The JPEG committee is pleased to announce a significant milestone of the JPEG XS project, with the Core Coding System (aka JPEG XS Part-1) submitted to ISO for immediate publication as International Standard. This project aims at the standardization of a near-lossless low-latency and lightweight compression scheme that can be used as a mezzanine codec within any AV market. Among the targeted use cases are video transport over professional video links (SDI, IP, Ethernet), real-time video storage, memory buffers, omnidirectional video capture and rendering, and sensor compression (for example in cameras and in the automotive industry). The Core Coding System allows for visual transparent quality at moderate compression rates, scalable end-to-end latency ranging from less than a line to a few lines of the image, and low complexity real time implementations in ASIC, FPGA, CPU and GPU. Beside the Core Coding System, Profiles and levels (addressing specific application fields and use cases), together with the transport and container formats (defining different means to store and transport JPEG XS codestreams in files, over IP networks or SDI infrastructures) are also being finalized and their expected submission for publication as International Standard is Q1 2019.

HTJ2K

The JPEG Committee has reached a major milestone in the development of an alternative block coding algorithm for the JPEG 2000 family of standards, with ISO/IEC 15444-15 High Throughput JPEG 2000 (HTJ2K) achieving Draft International Status (DIS).

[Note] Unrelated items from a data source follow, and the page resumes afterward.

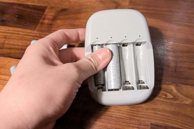 また、これ一つで単3・単4どちらの大きさにも対応していて、充電器への電池のセットも簡単。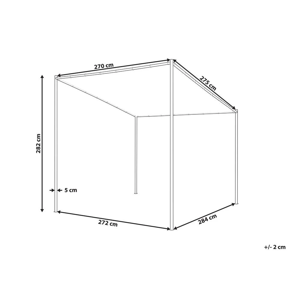 Extra informatie: Om veiligheidsredenen moet het paviljoen aan de grond worden vastgezet. De set bevat metalen haringen om het stuk op het gazon te bevestigen, maar het bevestigingsmateriaal voor andere oppervlakken is niet inbegrepen.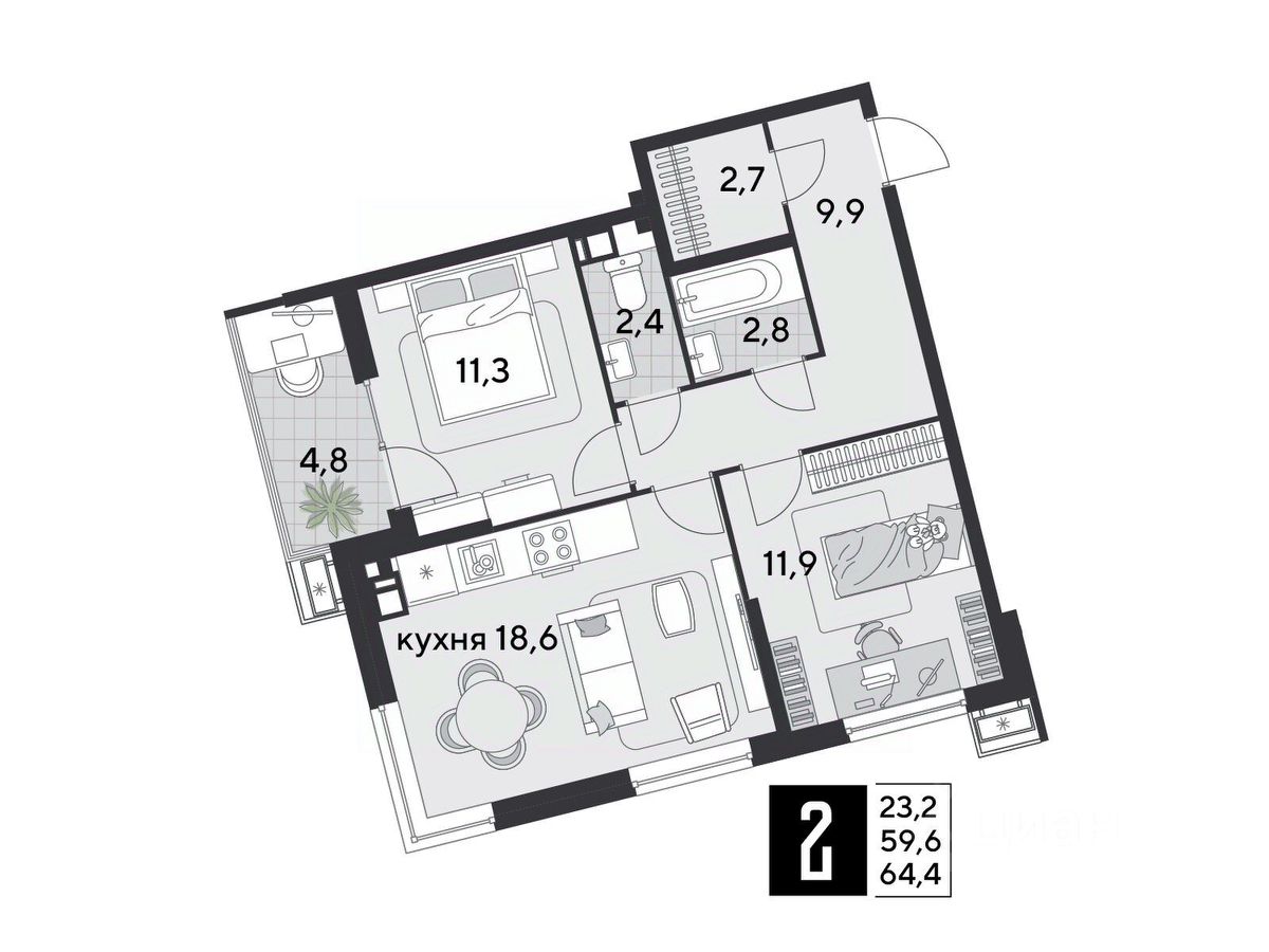Срок сдачи: 2 кв. 2026, общей площадью 64.4 кв.м., на 4 этаже.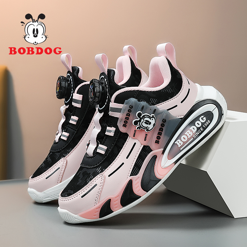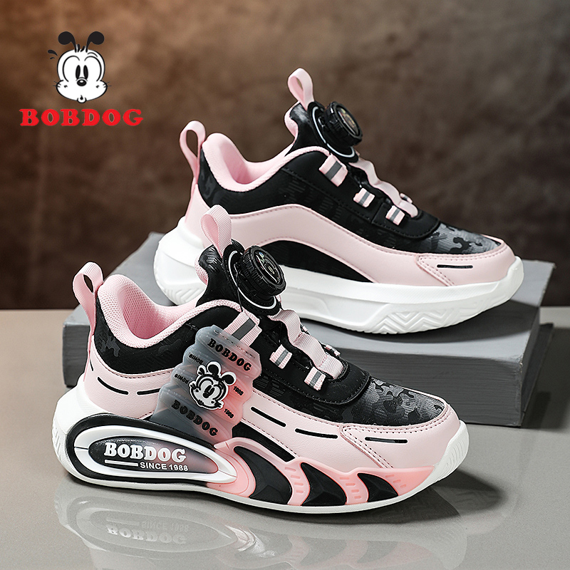 巴布豆童鞋女童运动鞋2025春秋新款轻便跑步软底黑色儿童鞋子女孩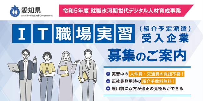 「令和5年度 愛知県 就職氷河期世代デジタル人材育成事業」は、訓練生の職場実習先企業を募集しています。
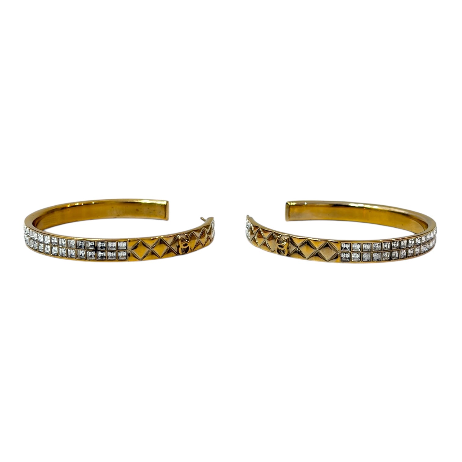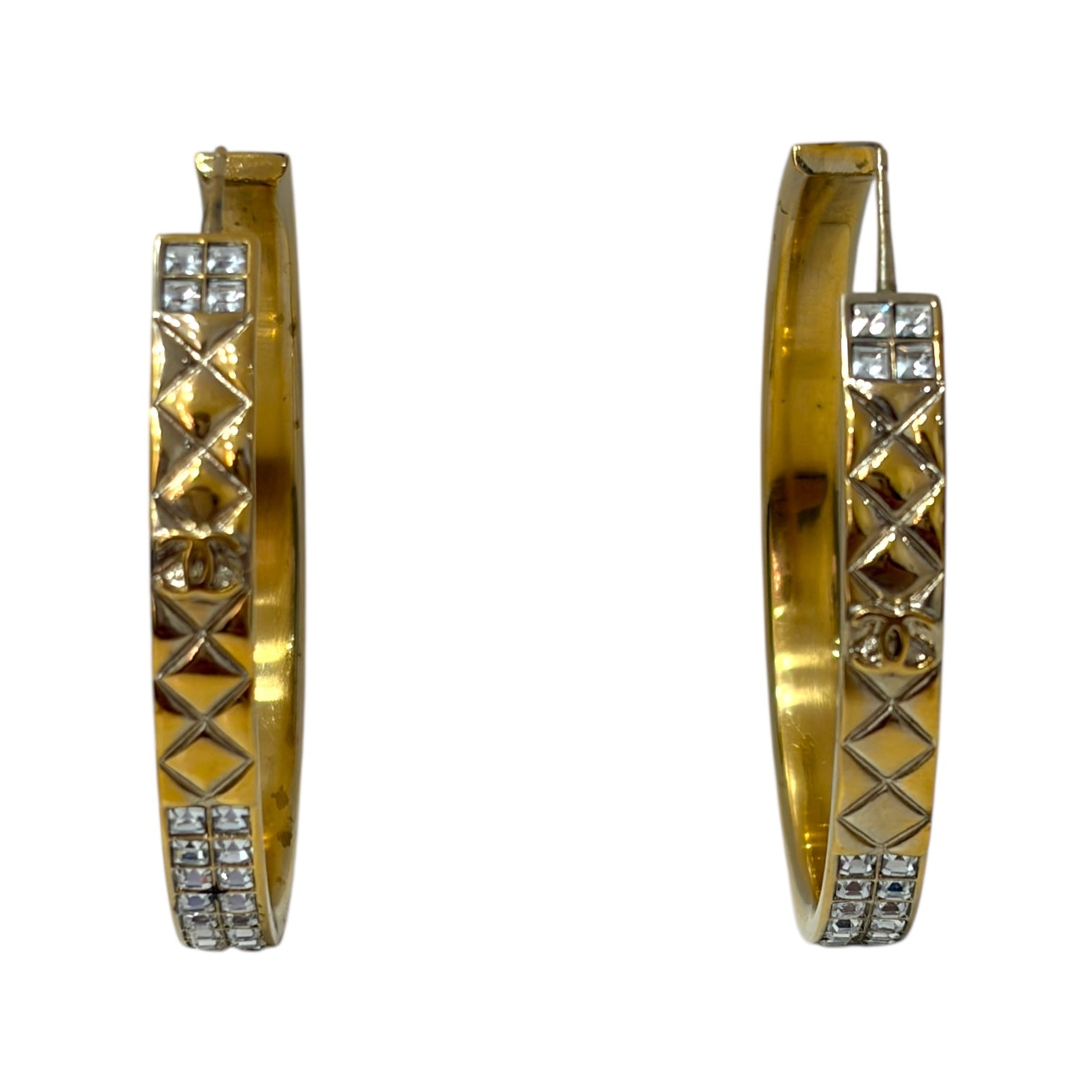These exquisite Chanel hoop earrings feature the brand’s signature quilted pattern, crafted in luxurious gold-tone metal. Each earring is adorned with sparkling clear crystals along the edges, adding refined brilliance and sophistication. The design perfectly balances Chanel’s timeless elegance with a touch of glamour — ideal for elevating both day and evening looks.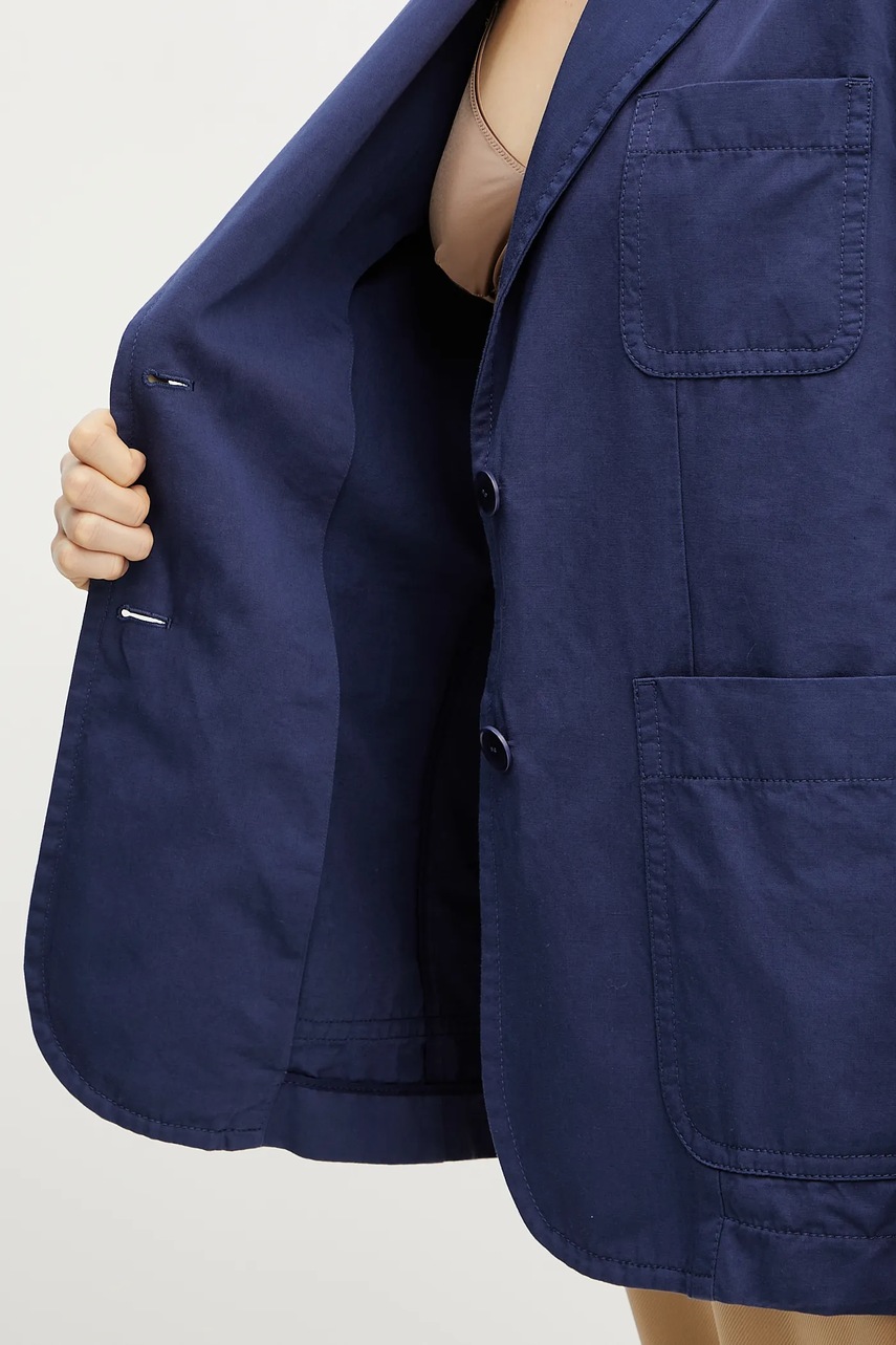- Jednorzędowe zapięcie na guziki.

The HTJ2K algorithm has demonstrated an average tenfold increase in encoding and decoding throughput compared to the algorithm currently defined by JPEG 2000 Part 1. This increase in throughput results in an average coding efficiency loss of 10% or less in comparison to the most efficient modes of the block coding algorithm in JPEG 2000 Part 1, and enables mathematically lossless transcoding to and from JPEG 2000 Part 1 codestreams.

The JPEG Committee has begun the development of HTJ2K conformance codestreams and reference software.

JPEG Pleno

The JPEG Committee is currently pursuing three activities in the framework of the JPEG Pleno Standardization: Light Field, Point Cloud and Holographic content coding.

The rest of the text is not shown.